Below are entries; output exactly the lines from the one with "หรือ สแตนเลสอบสี รอบตัวถังขยะเป็นตาข่ายสามารถมองเห็นขยะด้านในได้" to the one with "ডা. শিব্বির আহমদ", both included, and nothing else.

____________________

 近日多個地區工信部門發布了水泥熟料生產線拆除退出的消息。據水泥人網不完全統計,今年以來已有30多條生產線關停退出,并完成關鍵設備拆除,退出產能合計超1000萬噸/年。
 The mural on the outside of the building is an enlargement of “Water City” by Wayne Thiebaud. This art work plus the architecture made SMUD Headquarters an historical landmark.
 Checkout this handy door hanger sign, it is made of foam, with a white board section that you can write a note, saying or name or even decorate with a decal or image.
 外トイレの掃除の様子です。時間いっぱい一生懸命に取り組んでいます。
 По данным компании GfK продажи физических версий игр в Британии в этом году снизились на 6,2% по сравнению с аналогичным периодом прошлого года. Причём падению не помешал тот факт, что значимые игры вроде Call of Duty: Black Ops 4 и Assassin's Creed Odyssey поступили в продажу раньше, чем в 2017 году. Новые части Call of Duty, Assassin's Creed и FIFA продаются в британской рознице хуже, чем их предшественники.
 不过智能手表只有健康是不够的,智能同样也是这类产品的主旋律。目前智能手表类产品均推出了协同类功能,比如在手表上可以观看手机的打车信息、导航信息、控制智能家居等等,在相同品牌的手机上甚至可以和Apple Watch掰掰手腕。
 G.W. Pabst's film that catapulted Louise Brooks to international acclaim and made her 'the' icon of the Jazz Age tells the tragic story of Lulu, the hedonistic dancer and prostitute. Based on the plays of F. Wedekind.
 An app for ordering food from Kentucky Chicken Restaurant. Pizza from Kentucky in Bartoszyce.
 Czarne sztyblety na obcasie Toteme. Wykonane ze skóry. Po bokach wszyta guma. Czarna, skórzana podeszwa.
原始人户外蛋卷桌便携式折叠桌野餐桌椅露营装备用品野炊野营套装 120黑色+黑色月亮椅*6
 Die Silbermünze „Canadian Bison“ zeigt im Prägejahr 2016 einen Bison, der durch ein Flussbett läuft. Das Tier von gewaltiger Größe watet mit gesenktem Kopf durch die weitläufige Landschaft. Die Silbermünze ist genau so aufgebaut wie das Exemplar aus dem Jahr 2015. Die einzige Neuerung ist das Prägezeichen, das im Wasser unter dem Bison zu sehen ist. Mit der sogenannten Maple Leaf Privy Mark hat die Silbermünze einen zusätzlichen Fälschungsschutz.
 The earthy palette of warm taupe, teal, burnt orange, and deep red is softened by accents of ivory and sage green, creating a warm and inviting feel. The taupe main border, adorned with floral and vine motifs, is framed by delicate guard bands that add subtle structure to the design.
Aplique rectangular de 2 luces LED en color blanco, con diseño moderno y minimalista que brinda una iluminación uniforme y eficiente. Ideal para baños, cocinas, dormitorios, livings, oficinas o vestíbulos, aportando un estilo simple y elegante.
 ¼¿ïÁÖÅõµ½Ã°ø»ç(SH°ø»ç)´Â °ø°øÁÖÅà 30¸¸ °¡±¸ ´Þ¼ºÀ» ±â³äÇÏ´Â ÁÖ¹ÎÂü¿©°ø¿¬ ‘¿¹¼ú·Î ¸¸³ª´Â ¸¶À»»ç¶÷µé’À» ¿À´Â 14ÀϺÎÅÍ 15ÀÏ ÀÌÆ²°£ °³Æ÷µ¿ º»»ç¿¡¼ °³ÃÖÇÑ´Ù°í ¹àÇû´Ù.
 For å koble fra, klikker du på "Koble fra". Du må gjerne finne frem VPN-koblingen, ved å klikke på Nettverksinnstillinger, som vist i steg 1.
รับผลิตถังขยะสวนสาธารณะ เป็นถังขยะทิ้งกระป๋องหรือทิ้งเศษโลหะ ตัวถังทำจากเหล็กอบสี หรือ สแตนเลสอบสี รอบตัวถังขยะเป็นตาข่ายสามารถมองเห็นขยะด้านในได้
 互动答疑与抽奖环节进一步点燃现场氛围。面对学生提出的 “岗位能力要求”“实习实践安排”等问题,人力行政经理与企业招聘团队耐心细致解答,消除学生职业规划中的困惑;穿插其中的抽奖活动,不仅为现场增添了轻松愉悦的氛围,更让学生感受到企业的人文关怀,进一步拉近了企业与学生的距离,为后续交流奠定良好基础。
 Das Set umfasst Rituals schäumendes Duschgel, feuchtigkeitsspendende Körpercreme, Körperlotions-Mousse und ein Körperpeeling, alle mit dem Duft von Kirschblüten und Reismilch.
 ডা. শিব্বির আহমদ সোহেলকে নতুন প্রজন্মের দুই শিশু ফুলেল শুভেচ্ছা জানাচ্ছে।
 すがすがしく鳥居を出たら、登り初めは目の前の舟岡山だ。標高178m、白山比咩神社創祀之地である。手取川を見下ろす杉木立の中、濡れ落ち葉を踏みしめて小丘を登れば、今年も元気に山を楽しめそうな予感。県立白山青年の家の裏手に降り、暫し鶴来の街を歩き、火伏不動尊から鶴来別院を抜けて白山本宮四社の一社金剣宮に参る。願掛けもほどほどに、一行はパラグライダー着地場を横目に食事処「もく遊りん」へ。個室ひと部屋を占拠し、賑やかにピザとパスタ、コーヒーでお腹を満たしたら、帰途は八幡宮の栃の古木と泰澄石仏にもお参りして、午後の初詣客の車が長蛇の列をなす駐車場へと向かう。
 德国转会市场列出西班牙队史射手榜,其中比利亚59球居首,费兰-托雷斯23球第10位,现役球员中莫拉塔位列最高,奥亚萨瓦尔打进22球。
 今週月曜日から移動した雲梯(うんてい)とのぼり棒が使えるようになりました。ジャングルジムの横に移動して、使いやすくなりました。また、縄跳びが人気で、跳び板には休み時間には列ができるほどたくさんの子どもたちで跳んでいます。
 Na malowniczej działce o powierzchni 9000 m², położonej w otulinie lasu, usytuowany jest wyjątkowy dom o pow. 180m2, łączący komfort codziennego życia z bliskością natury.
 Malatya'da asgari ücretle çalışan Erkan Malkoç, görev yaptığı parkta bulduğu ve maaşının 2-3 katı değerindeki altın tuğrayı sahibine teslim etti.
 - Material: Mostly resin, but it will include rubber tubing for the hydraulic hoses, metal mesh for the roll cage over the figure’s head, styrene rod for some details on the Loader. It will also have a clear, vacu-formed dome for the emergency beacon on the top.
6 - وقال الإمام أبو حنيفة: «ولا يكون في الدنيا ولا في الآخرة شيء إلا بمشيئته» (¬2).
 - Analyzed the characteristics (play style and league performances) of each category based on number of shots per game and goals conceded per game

____________________

**Response:**
รับผลิตถังขยะสวนสาธารณะ เป็นถังขยะทิ้งกระป๋องหรือทิ้งเศษโลหะ ตัวถังทำจากเหล็กอบสี หรือ สแตนเลสอบสี รอบตัวถังขยะเป็นตาข่ายสามารถมองเห็นขยะด้านในได้
 互动答疑与抽奖环节进一步点燃现场氛围。面对学生提出的 “岗位能力要求”“实习实践安排”等问题,人力行政经理与企业招聘团队耐心细致解答,消除学生职业规划中的困惑;穿插其中的抽奖活动,不仅为现场增添了轻松愉悦的氛围,更让学生感受到企业的人文关怀,进一步拉近了企业与学生的距离,为后续交流奠定良好基础。
 Das Set umfasst Rituals schäumendes Duschgel, feuchtigkeitsspendende Körpercreme, Körperlotions-Mousse und ein Körperpeeling, alle mit dem Duft von Kirschblüten und Reismilch.
 ডা. শিব্বির আহমদ সোহেলকে নতুন প্রজন্মের দুই শিশু ফুলেল শুভেচ্ছা জানাচ্ছে।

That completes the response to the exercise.